DO: Voted. If you’re a renter, this was free for you. If you’re a homeowner, this was on average $166 per year, or $14 a month or $3.20 a week (based on median assessed value of $395k).

How Transit Fared in the 2016 Election – Voters in cities and counties around the U.S. decided on nearly $200 billion in transit funding, the most in any single election in the country’s history. Many of the measures were in California, but one Pacific Northwest win was King, Pierce and Snohomish counties who funded by a $54 billion package of increased sales, property and motor vehicle excise taxes, Sound Transit 3, the third phase of Sound Transit’s operations expansion, will add 116 miles of light rail including a second line in Seattle and a “spine” of rail from Everett to the north and Tacoma to the south. It will also increase commuter rail frequency, express bus service and create new bus rapid transit lines. —via NextCity.org

DO: Learn about our Measure 26-173 “Fixing Our Streets” that passed in May.

All Politics is National – How state politicians went from solving the problems in their own backyards to mimicking the gridlock in Washington. –via FiveThirtyEight

DO: Share. Research what happened in local politics this election.

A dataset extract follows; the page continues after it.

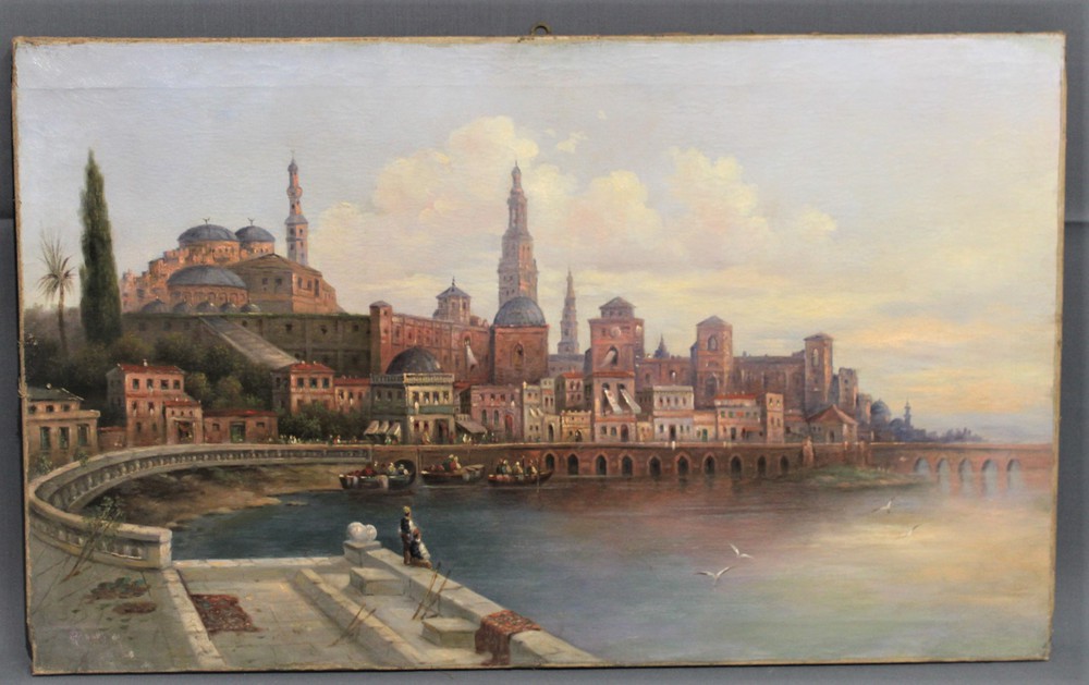 Lotto 34 | PITTORE DELLA FINE DEL XIX SEC. "Porto di Instambul" Olio su tela cm 50x82
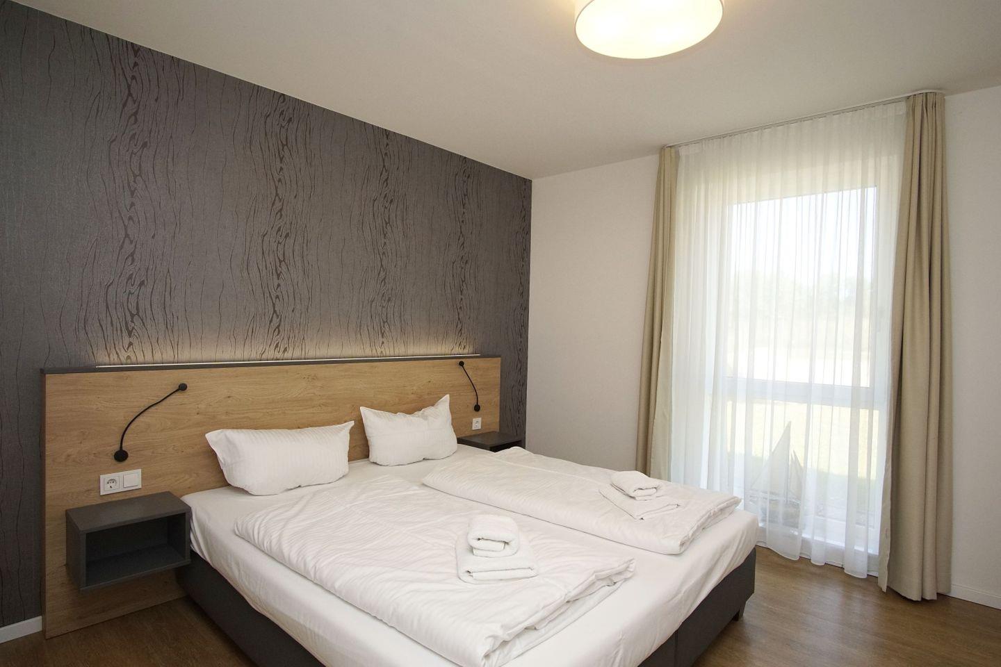 SCHLAFEN // ein Schlafzimmer mit bequemem Doppelbett, Couch mit Schaffunktion im Wohnzimmer ++

Give Guide – The annual Give!Guide kicked off last week, with a simple look at 141 of Portland’s most impactful nonprofits. Give what you can. As usual, there are some great incentives which makes the whole thing more fun. —via Willamette Week’s Give Guide

DO: Give $10. You’ll get a cool reward through Chinook Book too!

This Week’s Actions: I voted, donated to a local cause through Give!Guide, went to my Traffic and Transportation class at PSU, deactivated my Facebook account, and started this blog.

“Be a practical dreamer, backed by action.”
– Bruce Lee via swissmiss

What are you reading and doing this week?